Драко не был первым и не был последним погибшим, но он являлся именно тем, кто значил все. Раньше Грейнджер рассмеялась бы от собственных мыслей, уверенная, что ее судьба никогда не перекликнется с бывшим школьным врагом, но война стерла старые ярлыки и перманентом нарисовала новые. Бывший Пожиратель, которому больше нечего было терять, и бесстрашный боец Ордена, для которого мир посерел, а люди в нем выцвели. Прошло едва ли полгода с его смерти, он буквально не дождался пары недель до победы, которую Гермиона так и не ощутила душой. «Победы» — для кого и ради кого, если почти никого не осталось?

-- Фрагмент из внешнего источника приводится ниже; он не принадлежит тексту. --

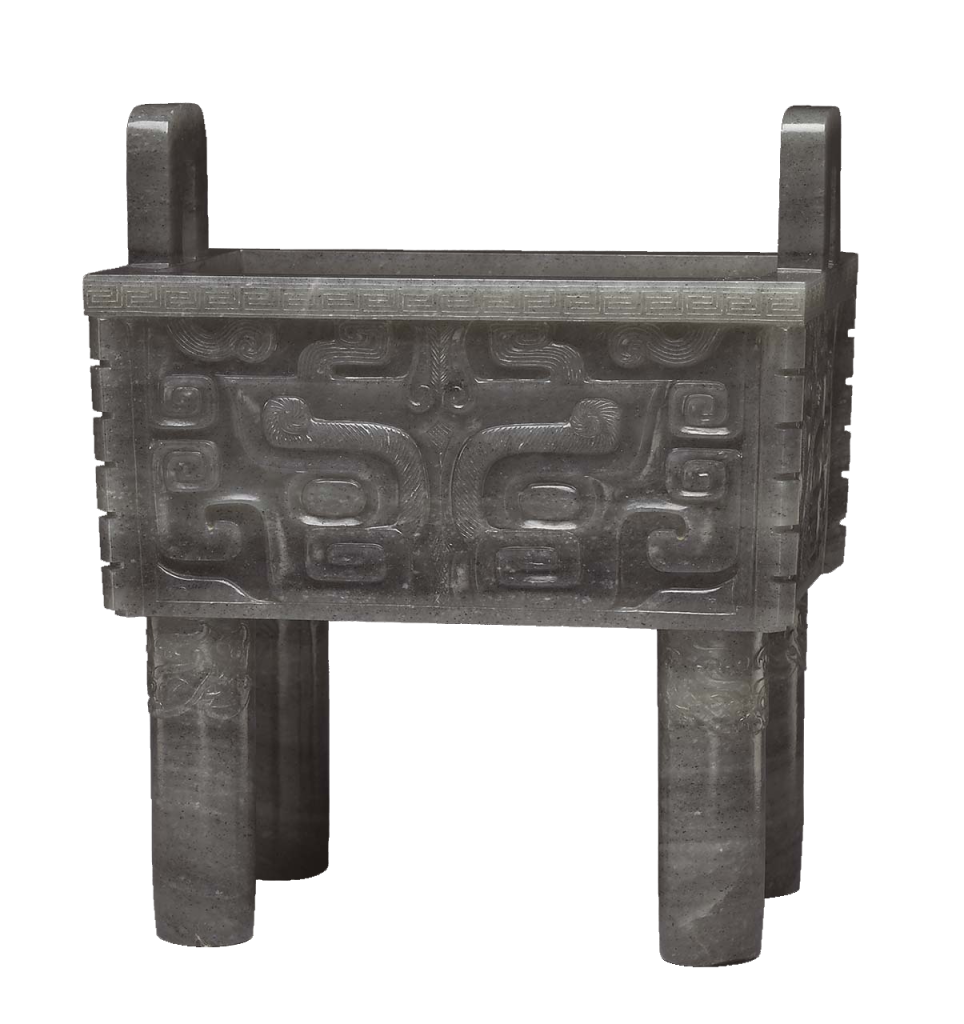 以玉仿古的玉器,紋樣雖有部分簡化,風格卻學習了青銅器鑄造時特有的銳利邊角(圖12),和過往強調溫潤質感相當不同,也是過去玉器較少見之處。而大量的以玉仿古,或代表乾隆帝對於自我功績的陶醉,也或呈現乾隆帝有意對比兩者,認為玉在性質上相類於青銅,同樣具有不易朽壞的特質。在乾隆朝不注重青銅器價值的同時,乾隆帝以玉對比青銅重器外,大量以玉仿古或更代表玉器接續了青銅作為國家重器、傳之後代的大任,似乎有意抬高玉的價值。

Революции и войны ведут молодые романтики, идеалисты с большой буквы, считающие себя настоящей опорной силой. Возможно, это и так, но только плоды пожинали циники, держащиеся от всего в стороне, прожившие смутные годы почти или вовсе без потерь. Гермиона относилась к первым, она это давно поняла — еще тогда, когда Гарри озвучил ей недоработанный план по борьбе с Волдемортом на шестом курсе, убедилась, когда Малфой развернул карту, украденную у ПСов, возненавидела, затыкая неистово кровоточащую рану Блейза, стараясь всунуть его желудок обратно в тело.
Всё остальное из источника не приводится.